Not really. Or at least you could be two shots better. For those of you who need further convincing, we present the Golf Digest Hot List. Our annual equipment review and analysis has yielded 116 exceptional products in 12 categories, the most exhaustive review ever of the game's top clubs.

What we've learned over the years is that new equipment is designed to help average players more than tour players, and the engineers behind golf's new technologies can explain in detail how they're making improvement happen.

"Golfers have gotten better because new equipment helped make it easier to produce adequate launch conditions," says Benoit Vincent, chief technical officer at TaylorMade. "New equipment also has allowed golfers to maintain adequate launch conditions for bad shots and to maximize launch conditions with their best swings when custom-fit."

The game can be made easier. Not easy, mind you, but easier, and probably easier than it has ever been. (Of course, golf courses are getting longer and more difficult, so for many of us it might not seem like we're improving. But take a trip back to that muny where you grew up, and see if you aren't driving to places you did in your youth or even farther.)

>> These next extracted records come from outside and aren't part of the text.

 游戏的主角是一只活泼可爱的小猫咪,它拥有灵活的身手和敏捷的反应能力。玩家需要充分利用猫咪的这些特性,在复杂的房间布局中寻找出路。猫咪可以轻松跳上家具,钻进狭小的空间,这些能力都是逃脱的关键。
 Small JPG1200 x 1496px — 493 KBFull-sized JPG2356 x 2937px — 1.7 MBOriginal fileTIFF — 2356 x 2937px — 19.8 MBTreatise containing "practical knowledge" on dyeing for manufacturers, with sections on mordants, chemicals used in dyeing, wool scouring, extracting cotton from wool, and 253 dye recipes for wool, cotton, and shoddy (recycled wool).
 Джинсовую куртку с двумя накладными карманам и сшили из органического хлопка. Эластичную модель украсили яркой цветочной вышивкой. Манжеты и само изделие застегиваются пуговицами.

Technology update. This year's technological advances go a step beyond engorged drivers and ridiculously strong-lofted irons. Drivers, for example, feature the performance properties of extreme geometries within a more pleasing, almost traditional frame. The best iron designs reflect a pattern of optimizing each individual iron within a set based on how a player might best use it. Companies, for instance, are designing 7-irons significantly different from 4-irons, even within the same set.

Most important, fitting has become nearly automatic, thanks to adjustable fitting systems and the virtual omnipresence of launch monitors. It's so vital (and no doubt related to our two-stroke improvement) that we're beginning every section of the Hot List with a golf success story based on a proper fitting.

Of course, in the onrush of the present, we sometimes lose sight of how much progress is being made. Golf has benefited from technological leaps the past dozen years, but in real time they can seem like baby steps.